Depuis plus de vingt ans, inlassablement, Thomas Lévy-Lasne pointe les travers de la société dans laquelle nous vivons. Pertinence du contenu avec le contenant, ce n’est pas un hasard si l’artiste enchâsse sa rétrospective dans un double format : l’exposition au Centre d’art Les Églises de Chelles et la publication de sa première monographie de 288 pages aux éditions de l’École des Beaux-Arts de Paris avec un titre commun : La fin du banal.
De 2004 à 2024, Thomas Lévy-Lasne est ainsi passé d’une peinture figurative du quotidien et de l’intime, d’une certaine banalité des invariants humains, à constater que c’est cette banalité même qui s’échappe des mains du peintre avec la dérive climatique. De l’invariabilité de nos certitudes à la fragilité de l’existence, cette rétrospective nous dévoile un monde qui bascule.
Dans son exposition aux Églises, le fil du temps s’étire d’un mur à l’autre, des portraits de proches du début, aux humains face aux écrans, des aquarelles de fête au sexe et à la mort. S’il représente toujours les passions humaines dans un style réaliste reconnaissable, c’est pour mieux se défaire d’une certaine forme de moralité. Les choses sont là comme elles apparaissent, pourrait-on lire en sous-titre.

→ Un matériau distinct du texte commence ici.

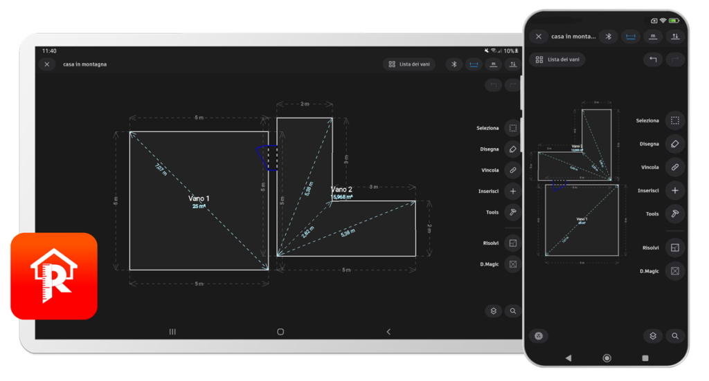 È arrivato Rilievo: il rivoluzionario software di rilievo architettonico per Android con Intelligenza Artificiale (AI) e diagonali magiche indispensabile per i tuoi rilievi di interni.

Avec l’accélération de la dérive climatique, les sujets du peintre se sont également précipités : il passe du « je » au « nous », « nous » espèce en voie d’extinction. Des touristes se prenant en photo à l’entrée du camp
d’Auschwitz-Birkenau aux restes de la ville de Pripiat, autant de lieux symptomatiques du mal, rendus à leur banalité. Le mal est partout, comme dans «Le Bosco» de la Villa Médicis en voie de disparition ou dans ses «biodômes» espaces artificiels reconstituant l’idée de nature.
On sent une grande avidité dans l’exécution, l’artiste dévore le réel pour mieux le rendre et nous interpeller, nous séduire. Poil par poil, brin après brin, Thomas Lévy-Lasne démontre par son traitement réaliste, une attention et un soin du monde dans une injonction contradictoire tragique. Autant de temps consacré à des tableaux, voués à la durée, chargés d’un doute vertigineux dans la possibilité des conditions mêmes de leur permanence.